Statistical analysis
To analyse the dose-volume data of hybrid plans, a one-way Analysis of Variance (ANOVA) test was used to evaluate variance. Mean and standard deviation values were presented. SPSS software (version 26) was used to compare the four hybrid plans using a two-sided Wilcoxon rank-sum test for paired samples. A p-value <0.05 was considered significant.
Results
This study included 14 patients with carcinoma of the oesophagus in our department. Patients ranged in age from 41 to 83 years, with a median age of 65 years and a mean age of 63 years. Oesophageal carcinoma (EC) involved in this study included the upper-middle third and middle-lower third, middle and lower oesophagus. The long axis of the PTV varied from 14.3 cm to 25.61 cm, with an average of 19.99 cm. The average PTV volume was 613.28 cc, with a median of 615.85 cc (range 260.2 to 898.1 cc).

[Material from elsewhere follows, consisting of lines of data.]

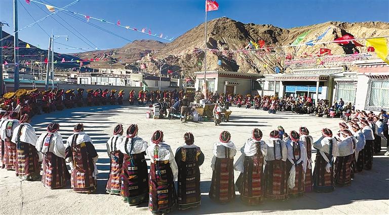 新春佳節,日喀則市聶拉木縣門布鄉門卡麥村的村民們身著華麗的服飾翩翩起舞,以飽滿的熱情將“甲諧”(意為隆重的歌舞表演)的獨特魅力展現得淋漓盡致,以此來慶賀新年的到來。 圖為演出現場。西藏日報記者 格桑倫珠 攝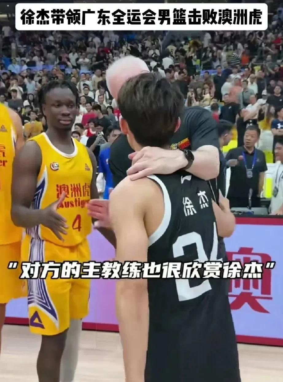 徐杰34分被对方球员和主教练称赞,赢得尊重! 近日,中奥男篮挑战赛中,广东男篮外援第二场战胜了澳洲虎球队,其中徐杰砍下34分,带队获胜。 赛后,对方球员和主教练给予了徐杰充分的肯定,对方后卫狠狠的拥抱了徐杰,对方主教练也是搂住徐杰脖,说了很多话! 徐杰确实成长了不少,投篮也准了,运球也也稳了!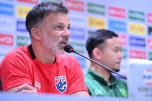 “ผมได้พูดไปแล้ว ถ้าย้อนกลับไป การเตรียมทีมตอนนี้ทำออกมาได้ดีมาก ทุกคน ตัวผมและสตาฟก็ต้องมีความสามารถในการให้ข้อมูล ให้นักกีฬาเข้าใจในรูปแบบของการเตรียมทีมที่จะเจอกับเกมรูปแบบนี้ สิ่งสำคัญที่สุดตอนนี้คือทำให้นักกีฬาทุกคนสดที่สุด พร้อมที่สุดสำหรับเกมวันพรุ่งนี้ สภาพร่างกายตอนนี้ทุกคนน่าจะพร้อมที่สุด ส่วน 11 ตัวจริงในใจ ความสำคัญในเกมแบบนี้ ไม่ใช่แค่ 11 ตัวจริง แต่คือผู้เล่นทุกคนทั้งทีม เพราะ 11 ตัวจริง ทำฟอร์มออกมาได้ดีมากๆแล้ว แต่ส่วนสำคัญที่สุด ที่จะยกระดับเกมดีขึ้น คือผู้เล่นตัวสำรอง ที่เปลี่ยนลงไป และยกระดับให้ดีมากที่สุด แน่นอนว่าตัวผมไม่ได้มั่นใจแค่ผู้เล่น 11 ตัวจริง ที่ตั้งเอาไว้ แต่คือทุกคน รวมถึงคนที่อยู่ในม้านั่งสำรอง ที่ผมหันหลังไป จะเห็นคนที่สามารถช่วยเหลือทีม เปลี่ยนเกมได้ ผมคาดหวังว่าทุกคน ทั้งตัวจริงตัวสำรอง จะแสดงศักยภาพ และโชว์ฟอร์มออกมาสูงที่สุดในเกมแบบนี้”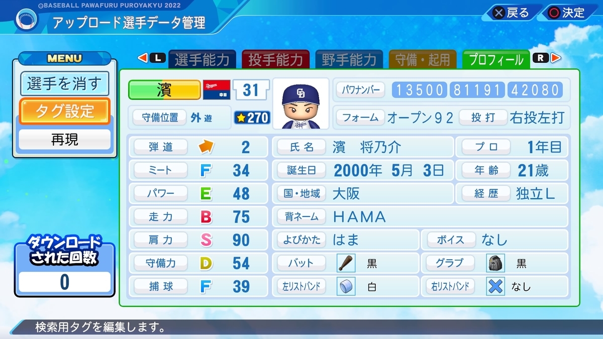武器は遠投125メートルの超強肩で、投げては149キロを記録。50m5.9の俊足もセールスポイント。今季はNOL・福井のGMだった西村徳文から指導を受け、走塁技術も向上。58試合で37盗塁を記録し、NOLの初代盗塁王に輝いた。遊撃手に挑戦したがむしゃらさも光る。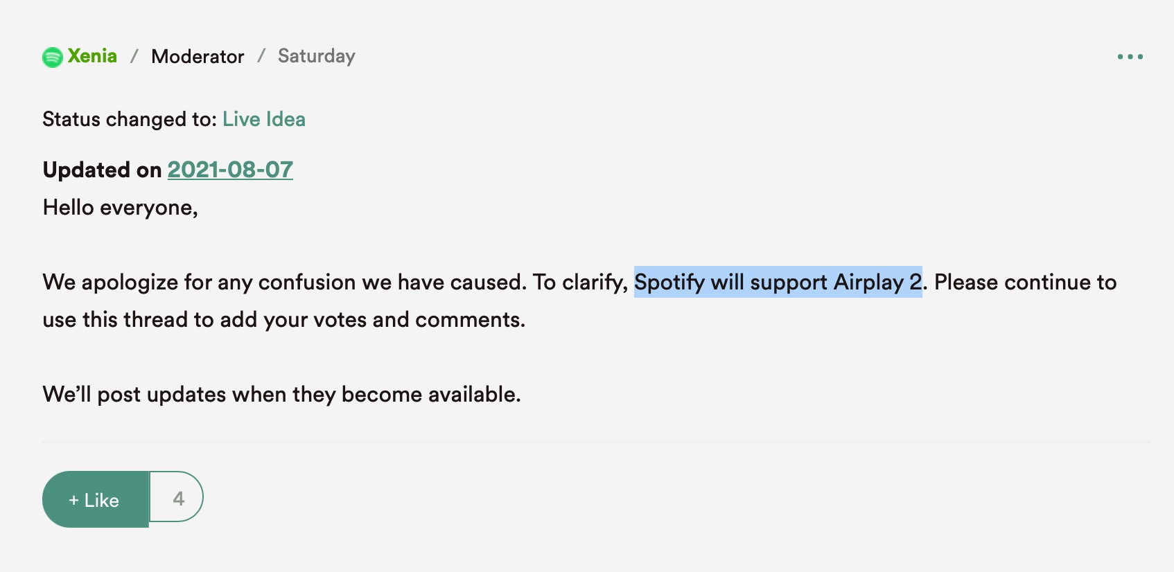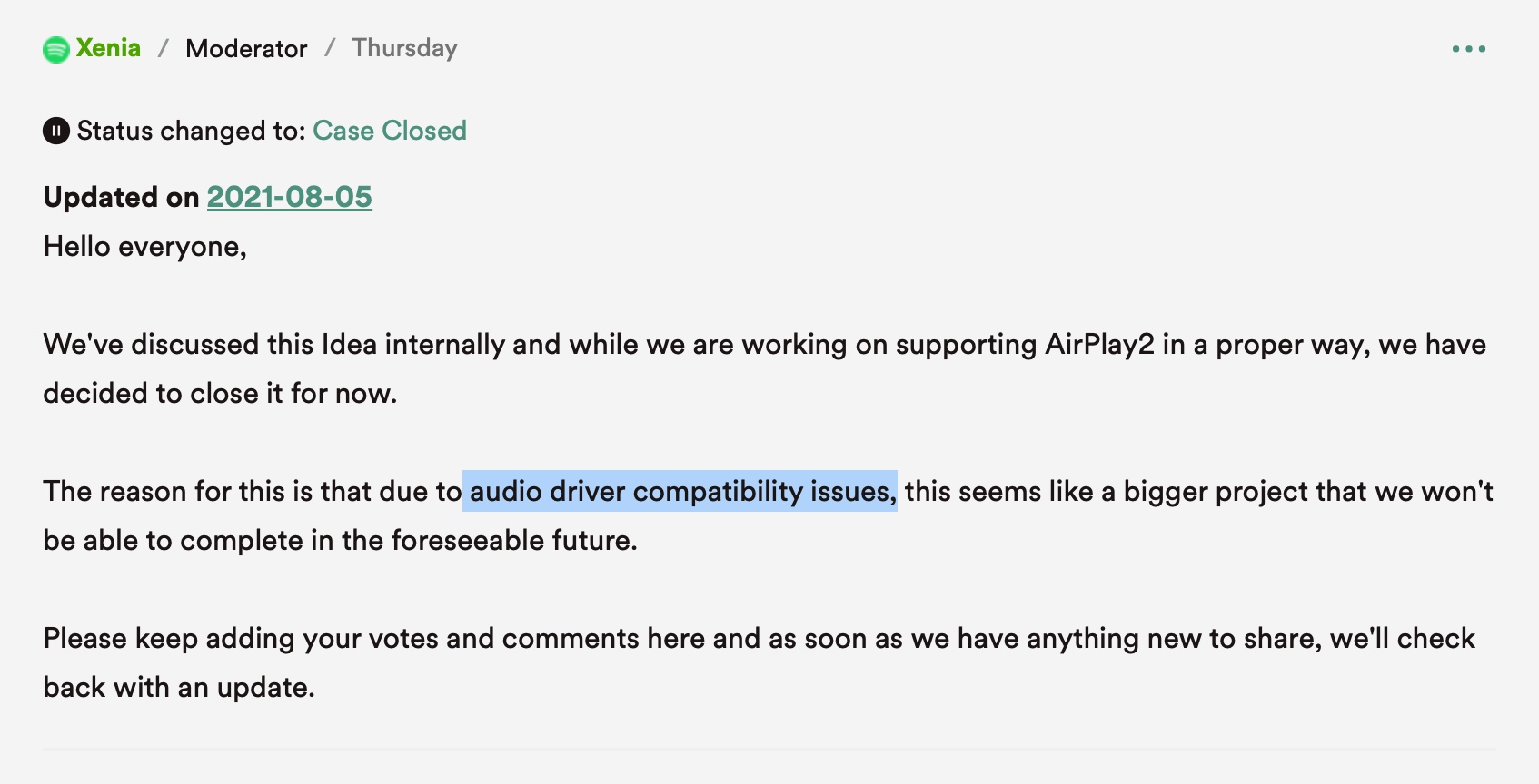 ในหน้ากระทู้เว็บ Spotify ได้มีตัวแทนมาตอบคำถามเรื่องการรองรับ AirPlay 2 ของตัวแอปว่า ในตอนนี้ได้หยุดพัฒนาชั่วคราวจนกว่าจะแก้ปัญหาเรื่องความเข้ากันได้ของเสียง จนทำให้คาดกันว่า Spotify ได้หยุดการพัฒนาการรองรับ AirPlay 2 แล้ว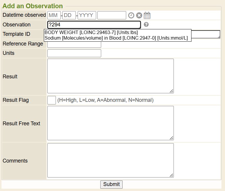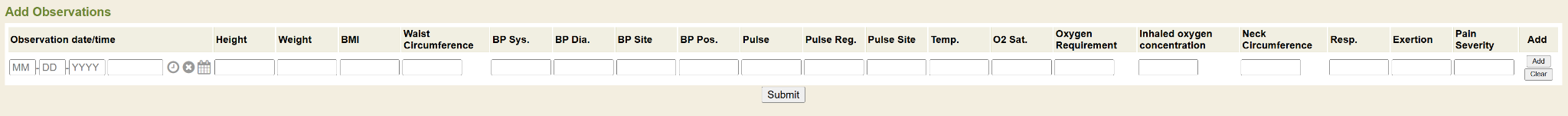 Click Submit to enter this observation into the patient’s chart.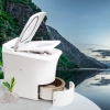 This waterless incineration toilet Cinderella Comfort is Cinderella Eco Group’s latest concept for cabins and holiday homes, renowned for its sustainable and environmentally friendly design and performance, with no polluting emissions. Comfort comes with a closed air system, which creates a better indoor environment and doesn’t affect the temperature of the room where the toilet is installed. Cinderella Comfort also comes with an LCD display that shows notifications and status at all times.
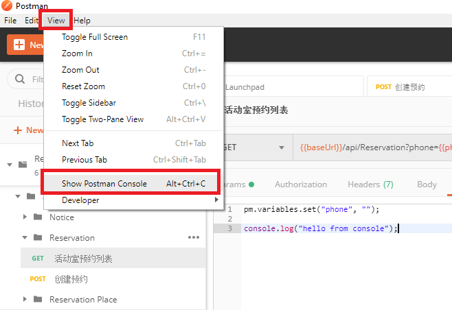 查看 postman console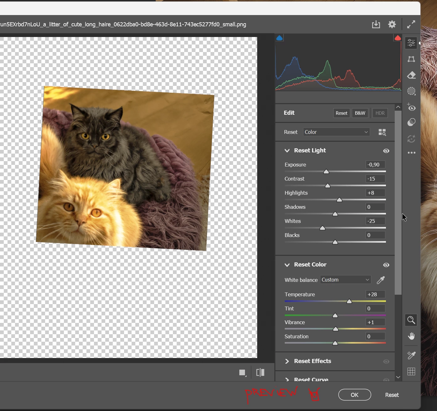 When using Camera Raw as a filter on individual layers within a composition, the adjustment window operates in isolation. Unlike other Photoshop adjustments that show real-time changes in the main canvas, Camera Raw only displays the preview within its own dialog window. The effects only become visible in the actual composition after clicking "OK" – making it impossible to evaluate color grading decisions in context with other layers.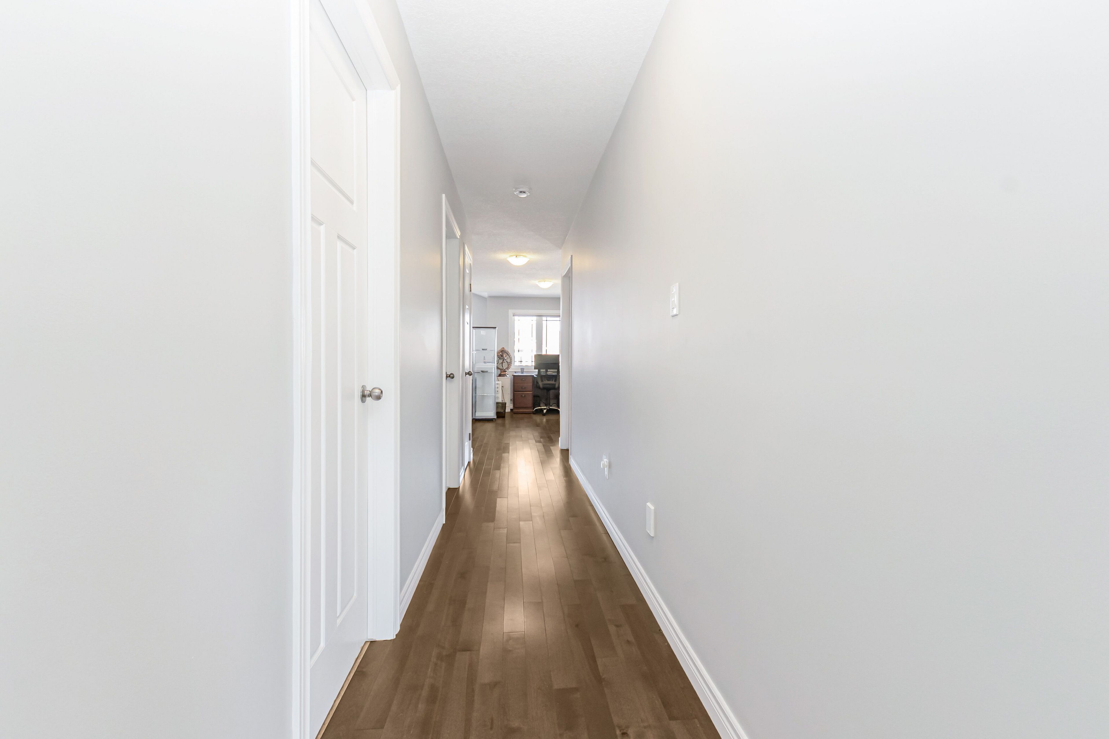 Premium lot.. Offered with no rear neighbors, this beautifully upgraded home is located in a sought-after hamilton community bordering ancaster. Offering over 2,700 sq ft of bright, functional living space, it is perfectly suited for families seeking comfort, privacy, and convenience. The main living area features a custom wall-to-wall built-in entertainment unit with an integrated fireplace, display shelving, and premium millwork-serving as a standout focal point. The professionally finished backyard deck provides a private outdoor retreat, ideal for entertaining or family enjoyment. The main floor includes a private office adjacent to a full washroom, (originally was a bedroom for parents with full bathroom attached) offering flexibility for remote work, guests, or multi-generational living. The upgraded kitchen is equipped with built-in appliances, including a wall oven, stove, and microwave, combining style with everyday functionality. Upstairs, the home offers three spacious bedrooms and a large loft with the potential to convert into a fourth bedroom. The layout allows for up to five bedrooms, with convenient washroom access for three bedrooms and the added benefit of second-floor laundry. Ideally located near parks, schools, public transportation and hamilton airport employment corridor, and amenities along upper james, this property delivers an exceptional blend of space, upgrades, and a prime location. Few pictures are ai generated!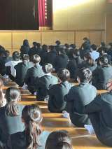 2年生、2学期の最後の学年集会には銀行の方をゲストにお迎えしました。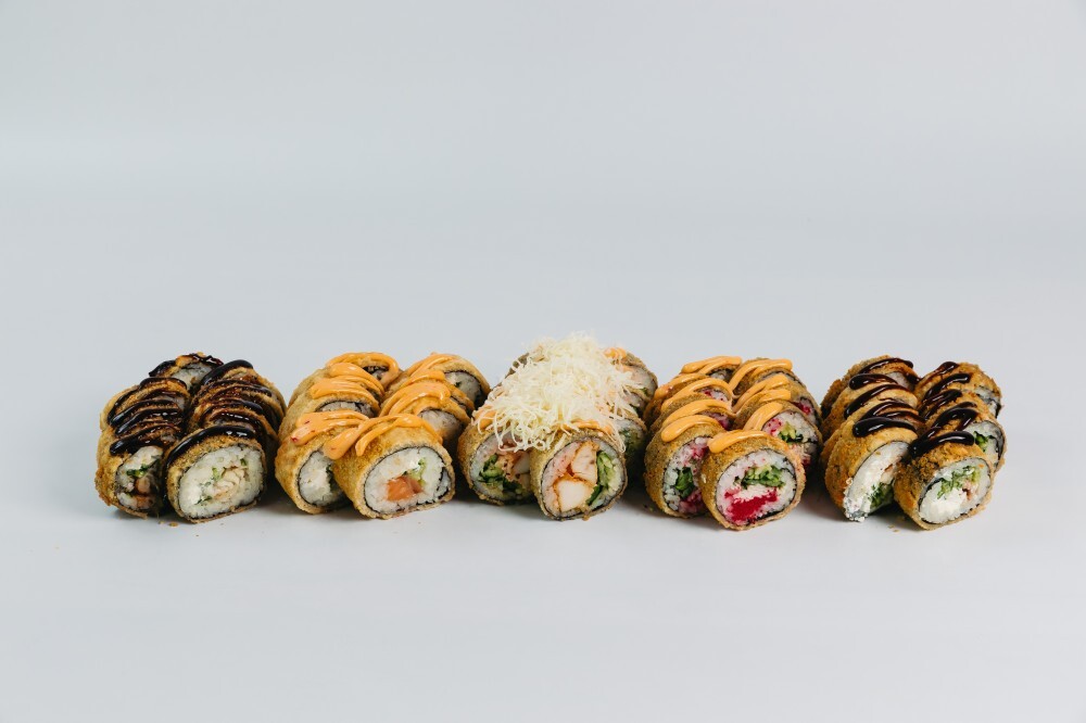 8шт. Колорадо 8шт. Лас Вегас 8шт. Цезарь 8шт. Темпура 8шт. Банзай 3шт.Соевых соусов 2шт.Имбиря 2шт.Васаби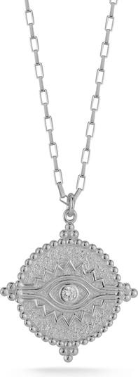 Ward off misfortune with this elegant necklace that suspends a cubic-zirconia centered evil-eye pendant.
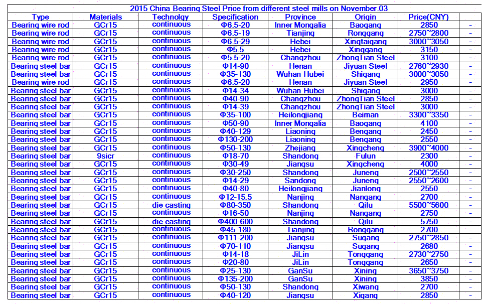 2015 China Bearing Steel Price from different steel mills on November 03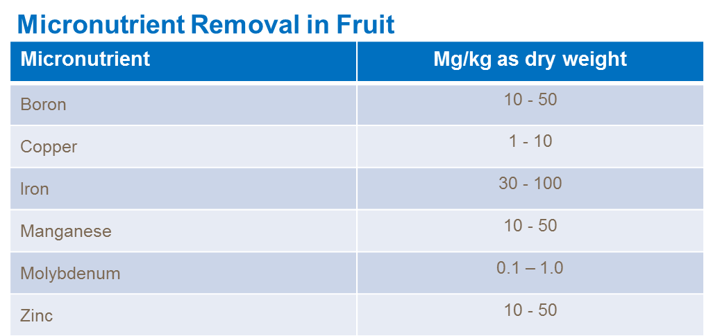 Boron is one of the key micronutrients. It has a significant effect on fruit ripening characteristics. It is essential for the structural integrity of the plant and important for pollen viability, flower and fruit development.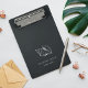 Die schicke, personalisierte Zwischenablage auf der Insel bietet zwei Textzeilen in klassisch weißer Schrift, auf einem weichen schwarzen Hintergrund mit einer tropischen Konch-Muschel-Illustration in Imitaten silberne Folie. Design wiederholt sich auf der Rückseite. Bitte beachten Sie, dass diese Zwischenablage eine Mini-Größe hat; Vollversion ist auch in unserer Conch Muschel Kollektion erhältlich.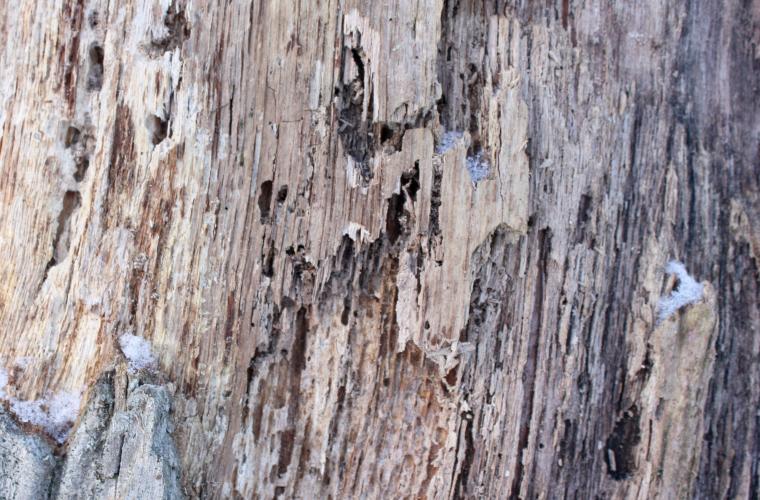 Nu, på senvintern, står de med sina karaktäristiska krokiga grenar i siluett mot himlen. Några är på väg att dö, man kan se barken falla av. Det är ett skäl till att insekterna trivs här.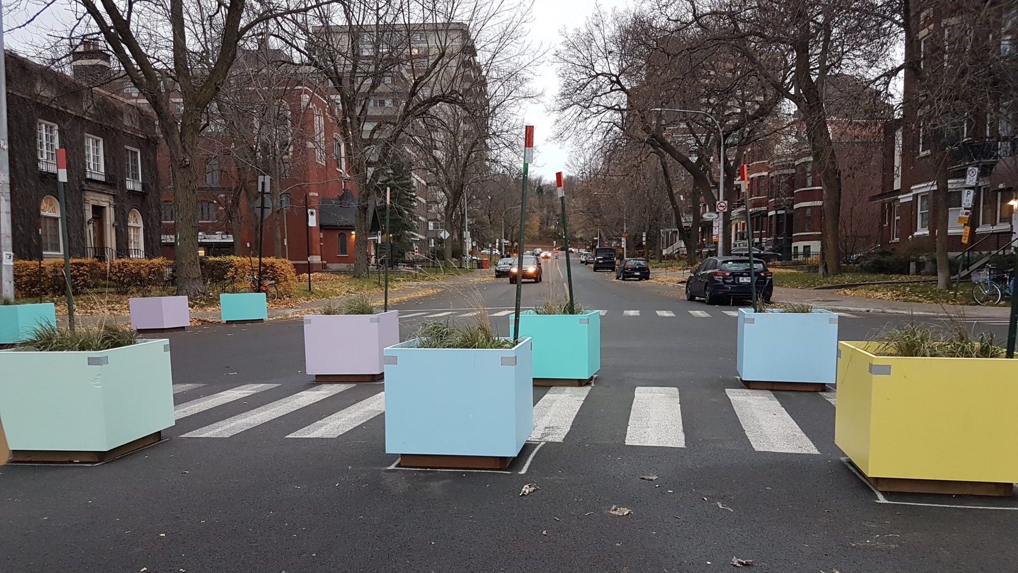 Des îlots de protection aux couleurs pastel ont été installés récemment à l’angle du boulevard Saint-Joseph Ouest et de la rue Hutchison.

The dose distributions and cumulative dose volume histogram for four hybrid VMAT plans were presented for one patient in Figure 1. Table 2 demonstrates that the hVMAT plans do not exhibit significant variations in maximum dose (Dmax), mean dose (Dmean) and the dose delivered to 95% of the planning target volume (PTV) (D95%), CI and HI when comparing different combinations of 3DCRT with VMAT. However, a significant difference was observed in the conformation number (CN), where hVMAT-1(0.85 ± 0.055) displayed markedly superior conformity in comparison to hVMAT-3 (0.83 ± 0.068, p = 0.002) and hVMAT-4 (0.79±0.059, p = 0.001). Additionally, the assessment of MUs indicated significant disparities, with hVMAT-1 (452.67 ± 63.15) and hVMAT-2 (433.06 ± 74.76) necessitating a greater number of MUs than hVMAT-3 (364.44 ± 58.26, p = 0.002) and hVMAT-4 (367.71 ± 49.63, p = 0.001).

Figure 1. Dose distributions (a) and cumulative dose volume histogram (b) for a representative patient treated with four hybrid volumetric modulated arc therapy plans.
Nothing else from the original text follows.